[Source records]
- - -

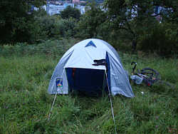 Endlich hatte ich ein Maisfeld gefunden und eine Wiese, aber als ich mein Zelt drauf aufschlagen wollte, stellte ich fest, dass die Tage hier eine Schafherde geweidet worden war, die jetzt mitsamt Schäfer und Hunden 3 Wiesen weiter stand, und alles lag voller Schafscheiße! Also weiter.
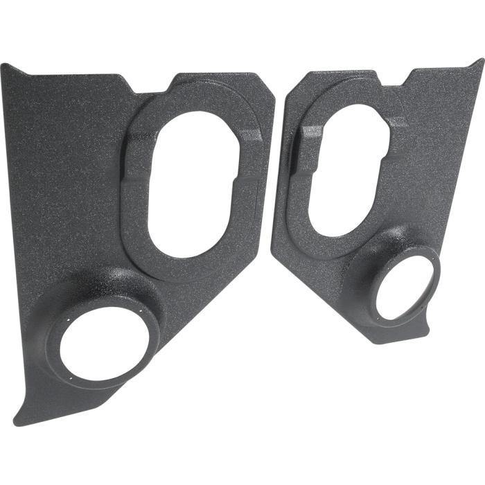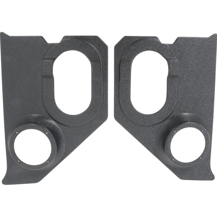 Reproduction style interior kick panels for 1960-66 Chevrolet and GMC pickup, and Suburban models. Each panel is manufactured in quality blister molded ABS and features molded speaker pod cut-out locations with pre-drilled mounting holes designed to house the 6.5" diameter speakers of your choice. Kick panels come in black. Paint to desired interior color. Sold in pairs. Speakers sold separately. Refer to part number # 154928 for 6-1/2" coaxial speakers designed to fit the kick panels.
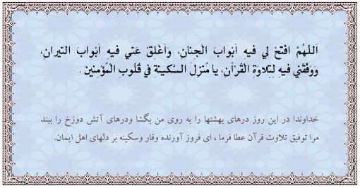 «اللهمّ افْتَحْ لی فیهِ أبوابَ الجِنانِ واغْلِقْ عَنّی فیهِ أبوابَ النّیرانِ وَوَفّقْنی فیهِ لِتِلاوَةِ القرآنِ یا مُنَزّلِ السّكینةِ فی قُلوبِ المؤمِنین»
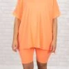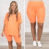This gorgeous set is definitely a necessity! The bold neon coral color is just in time for the season and the comfy fit is perfect for all day wear! The stretchy, figure flattering fit of the top and bottom make this set a must-have! Pair this set with some cute accessories and sandals or sneakers for an everyday chic look!
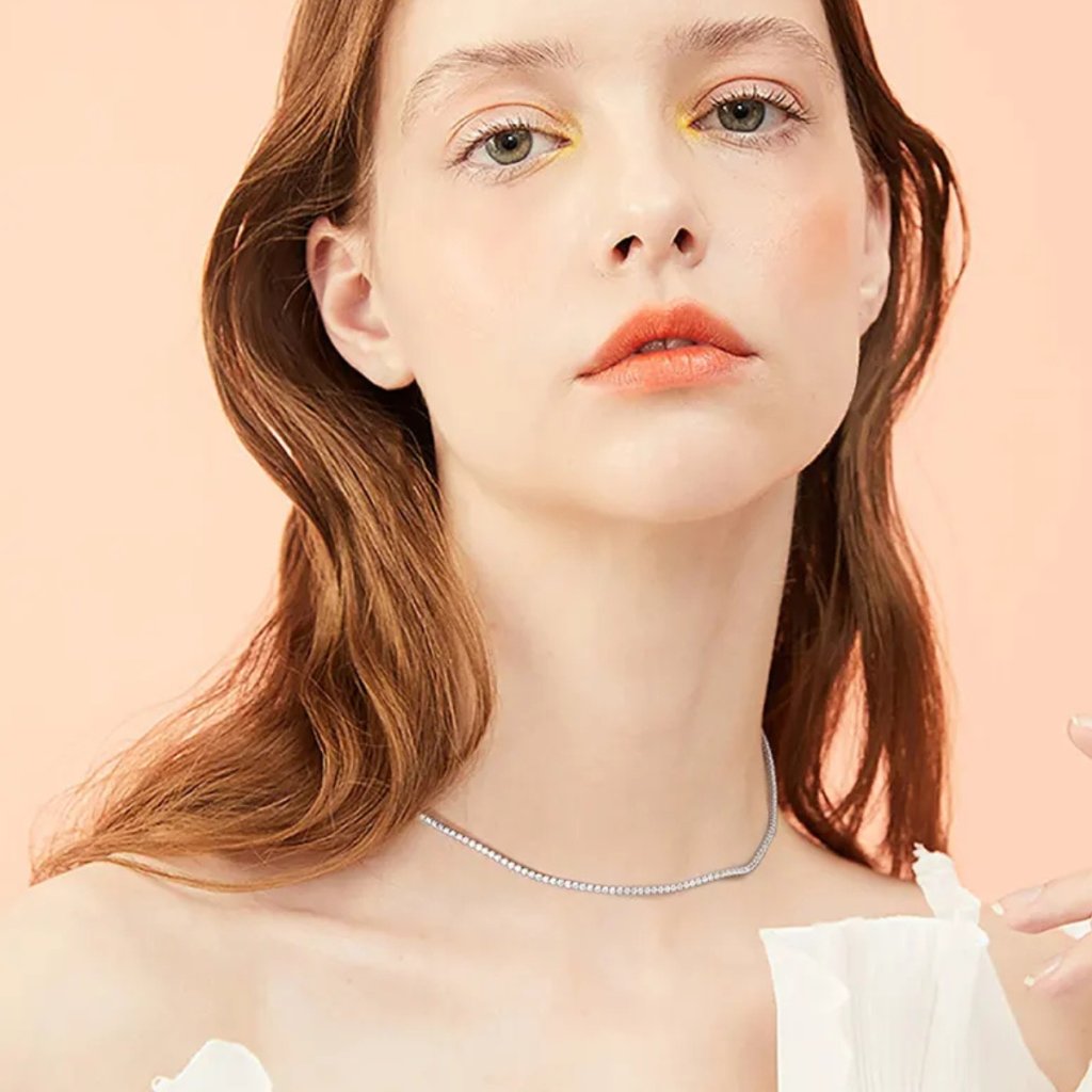 Srebrny naszyjnik tenisowy AMELIA to uosobienie luksusu i elegancji. Rząd błyszczących cyrkonii o imponującej szerokości 4 mm tworzy oszałamiający efekt świetlny, który przyciąga uwagę. Dzięki regulowanej długości 55+5 cm możesz nosić naszyjnik na różne sposoby i wysokości.
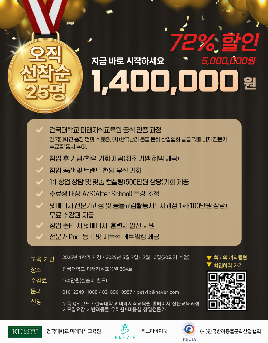 건국대학교 미래지식교육원 전문교육 <반려동물 유치원&미용샵 창업전문가 1기>의 수강생을 모집하고 있습니다.
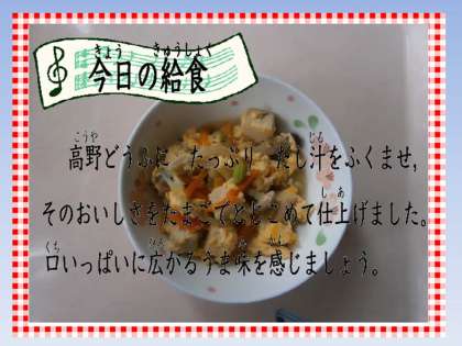今日は,給食カレンダーや電子紙芝居「給食室からこんにちは」で「高野豆腐」の良さを知って,しっかり食べようする子どもたちがたくさんいました。うれしいですね。
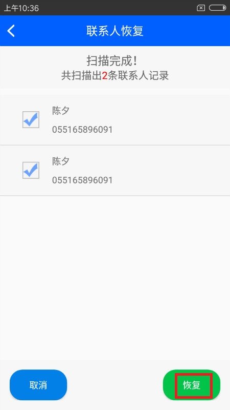 5.查看完成之后,將需要進(jìn)行恢復(fù)的聯(lián)系人進(jìn)行點(diǎn)擊勾選,然后即可點(diǎn)擊下方的綠色“恢復(fù)”按鈕,將誤刪的聯(lián)系人找回在手機(jī)上。
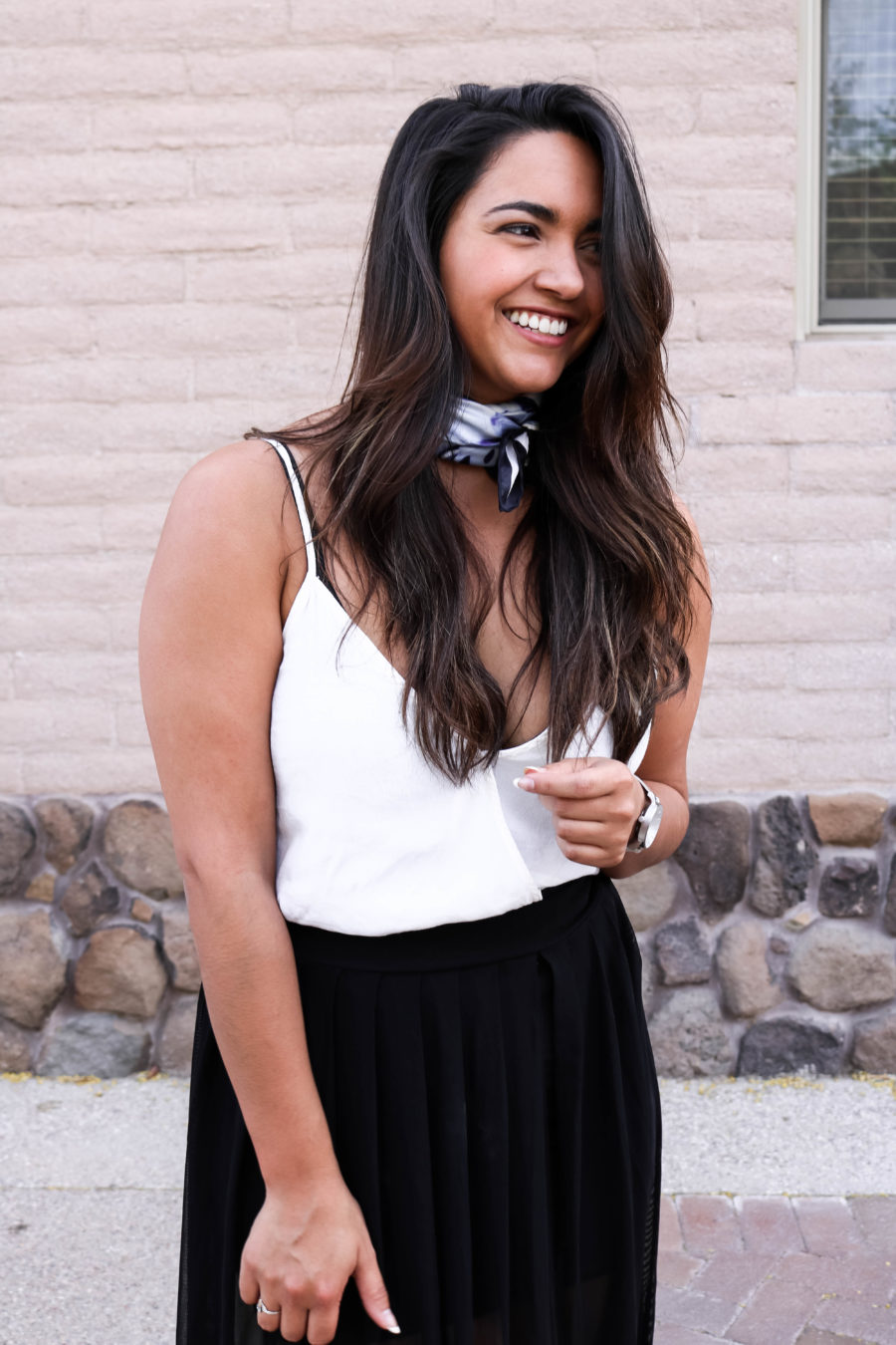 Such a cute maxi skirt! Love the silk scarf too- it’s so chic looking!

- - -

Problem:
Retype each entry precisely. Skip images entirely.

Answer for the task:
 Endlich hatte ich ein Maisfeld gefunden und eine Wiese, aber als ich mein Zelt drauf aufschlagen wollte, stellte ich fest, dass die Tage hier eine Schafherde geweidet worden war, die jetzt mitsamt Schäfer und Hunden 3 Wiesen weiter stand, und alles lag voller Schafscheiße! Also weiter.
 Reproduction style interior kick panels for 1960-66 Chevrolet and GMC pickup, and Suburban models. Each panel is manufactured in quality blister molded ABS and features molded speaker pod cut-out locations with pre-drilled mounting holes designed to house the 6.5" diameter speakers of your choice. Kick panels come in black. Paint to desired interior color. Sold in pairs. Speakers sold separately. Refer to part number # 154928 for 6-1/2" coaxial speakers designed to fit the kick panels.
 «اللهمّ افْتَحْ لی فیهِ أبوابَ الجِنانِ واغْلِقْ عَنّی فیهِ أبوابَ النّیرانِ وَوَفّقْنی فیهِ لِتِلاوَةِ القرآنِ یا مُنَزّلِ السّكینةِ فی قُلوبِ المؤمِنین»
This gorgeous set is definitely a necessity! The bold neon coral color is just in time for the season and the comfy fit is perfect for all day wear! The stretchy, figure flattering fit of the top and bottom make this set a must-have! Pair this set with some cute accessories and sandals or sneakers for an everyday chic look!
 Srebrny naszyjnik tenisowy AMELIA to uosobienie luksusu i elegancji. Rząd błyszczących cyrkonii o imponującej szerokości 4 mm tworzy oszałamiający efekt świetlny, który przyciąga uwagę. Dzięki regulowanej długości 55+5 cm możesz nosić naszyjnik na różne sposoby i wysokości.
 건국대학교 미래지식교육원 전문교육 <반려동물 유치원&미용샵 창업전문가 1기>의 수강생을 모집하고 있습니다.
今日は,給食カレンダーや電子紙芝居「給食室からこんにちは」で「高野豆腐」の良さを知って,しっかり食べようする子どもたちがたくさんいました。うれしいですね。
 5.查看完成之后,將需要進(jìn)行恢復(fù)的聯(lián)系人進(jìn)行點(diǎn)擊勾選,然后即可點(diǎn)擊下方的綠色“恢復(fù)”按鈕,將誤刪的聯(lián)系人找回在手機(jī)上。
 Such a cute maxi skirt! Love the silk scarf too- it’s so chic looking!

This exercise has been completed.